宫淮的手臂越过宁稚然,从茶几上捞起那瓶还剩大半的红酒,宁稚然还没反应过来他想干什么,下巴就被宫淮的手捏住,让他不得不抬起头,张开了嘴巴。

“唔……”

一声呜咽被堵了回去。

那口带着血腥味的红酒,被宫淮用嘴,大口、大口喂进了宁稚然嘴里。

宁稚然下意识地想抵抗,舌根却被对方抵住,有几缕酒液来不及咽下,便顺着他红肿的嘴角溢出,从下巴蜿蜒而下,最终没入衣领。

他迷迷糊糊地想,这算什么?还有这种喝酒的方式吗?

死装哥,好会玩,一看就没少玩过,这渣男。

宫淮一只手搂着他,另一只手顺着酒液流淌的方向,一路吻着。吻到喉结处,他微微张嘴,轻轻地,含住了宁稚然的喉结。

“不要,这不行……”这感觉太刺/激,宁稚然立刻又抖得好厉害。

宫淮低声道:“你刚才问我,天天洗澡干什么?”

“因为你。”

“因为你老在我眼前晃。”

“不泡在冷水里……”

“我会想操/你。”

“很想。”

宁稚然被这一晚上突如其来的骚话,惊到魂儿都快飞了。

他刚想躲,就被宫淮一把拉住。

宫淮没急着做什么,只是低着头,手顺着宁稚然的额头、鼻梁,一路摸到他漂亮的眼睛。

宁稚然心跳砰砰直响,强装镇定,虚张声势:“你、你要做什么?”

宫淮直视那双琥珀色的眼,说:“其实,我从很早之前就觉得,你长着一双……很适合流泪的眼睛。”

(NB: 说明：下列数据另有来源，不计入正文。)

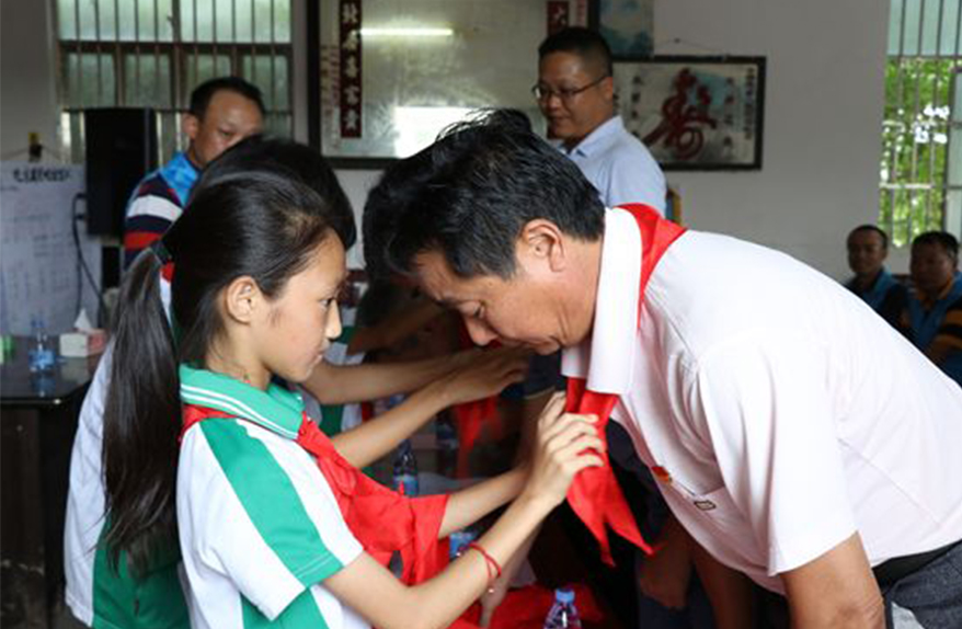 困難學(xué)生為出席捐贈(zèng)儀式的領(lǐng)導(dǎo)與愛心企業(yè)獻(xiàn)上紅領(lǐng)巾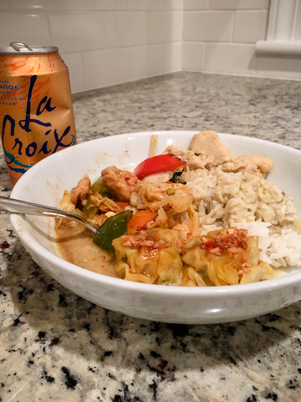 We got Thai takeout last weekend for a change. Green curry is the best!! Plus some pork dumplings and a tofu dish.
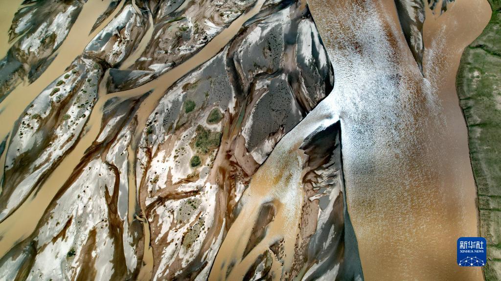 在沱沱河與當曲匯合處的囊極巴隴拍攝的辮狀河道局部(7月26日攝,無(wú)人機照片)。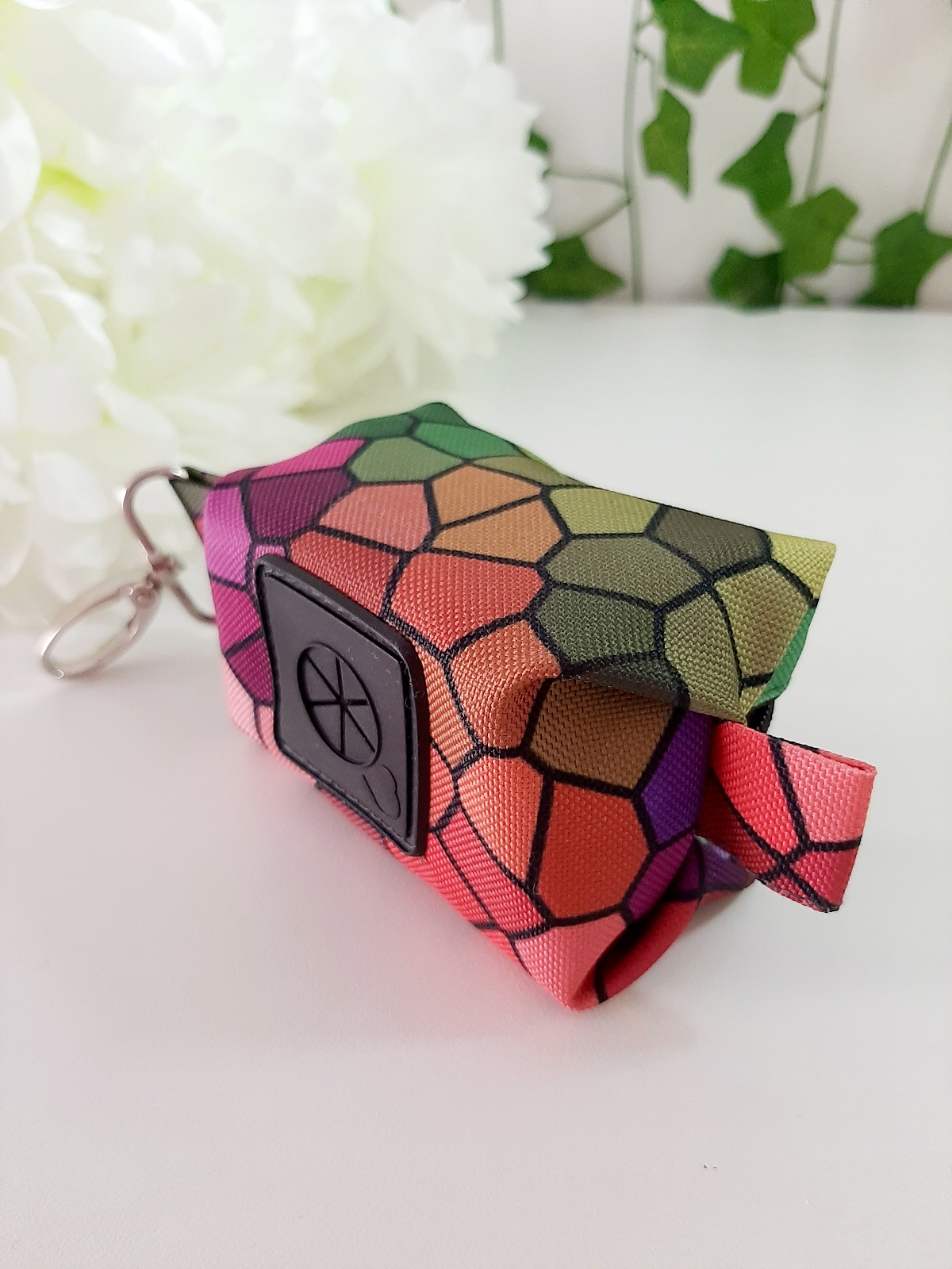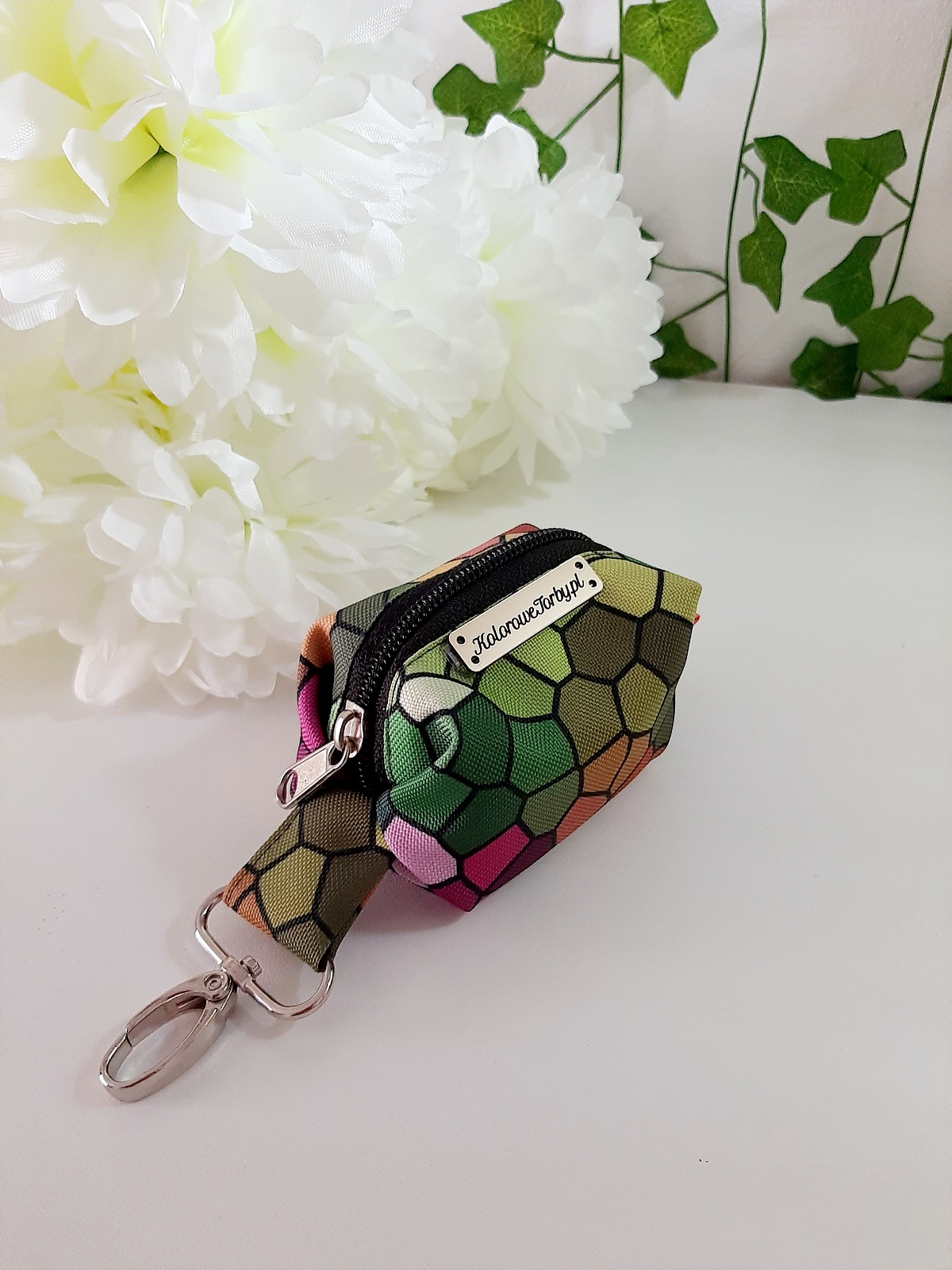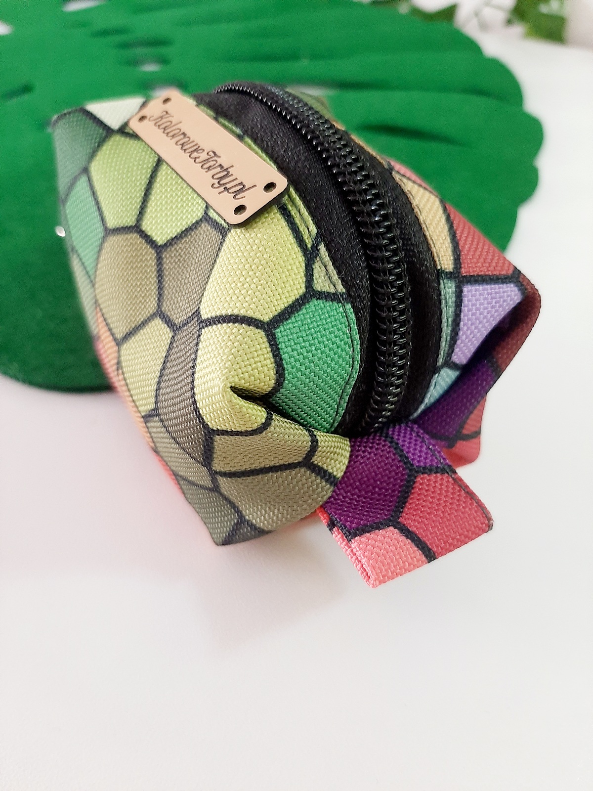MOZAIKA Etui na kupoworki. Niewielkich rozmiarów etui na woreczki na psie odchody o bardzo ciekawym fasonie. Wykonany z wytrzymałych, wodoodpornych tkanin, dzięki czemu nie straszna mu żadna zła pogoda. Wnętrze jest w kolorze czarnym (wykonane również z tkaniny wodoodpornej). Całość zapinana się na zamek błyskawiczny.
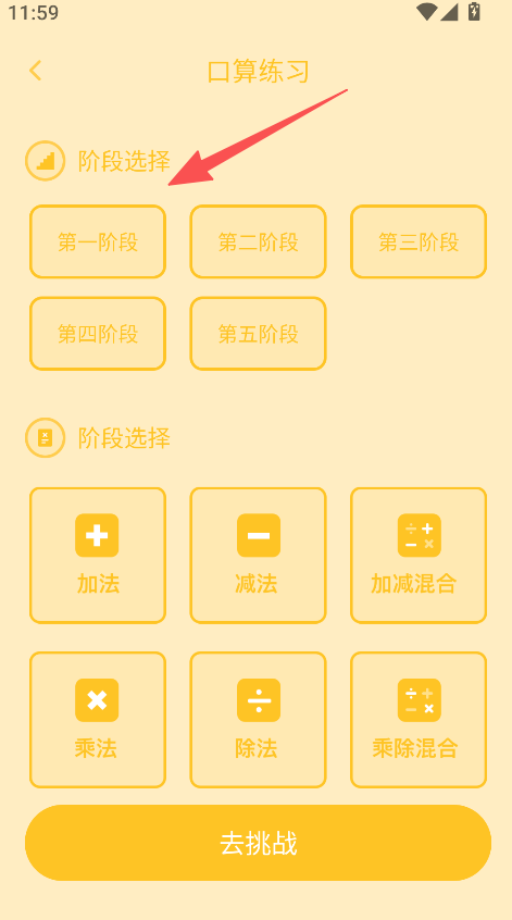 2、支持阶段选择功能,学习者可根据自身水平选择对应阶段,实现精准化口算提升。

他说着,俯下身,亲了亲宁稚然眼睫毛,又吻了一口宁稚然的泪痣。在没忍住发出呻/吟的瞬间,宁稚然听见宫淮在他耳边,用几乎呢喃的语气说:“快过十二点了。”

“宁稚然。”

“MerryChristmas.”

“今晚,为我流泪吧。”

第52章 啊,烟花(文案回收)

电视下面的火炉,正噼里啪啦燃烧着。

宁稚然一开始还觉得暖,后来觉得,有点过分热了。

尽管那件白色的厚毛衣,不知何时,早已经被扔在了手肘旁的地毯上。

好意外,炉火的声音,忽然变得好响。

宫淮轻抚他的腰,说:“等跨年那天,我想和你一起去海边看烟花。”

啊,烟花。

确实,还挺想看的。

宁稚然已经不剩下什么反抗的力气,身体呈大字型摊在地毯上。

毁灭吧。

再见吧,我的理智,我最后的贞操。

突然,宫淮又举着红酒,灌下一大口。下一秒,他低下头,整个人从宁稚然视线里消失了。

“你……干什么……脏……”

宁稚然伸手去推宫淮,但他的抵抗太过没用,眼前一阵一阵发晕,连一句像样的“停下”都说不出口。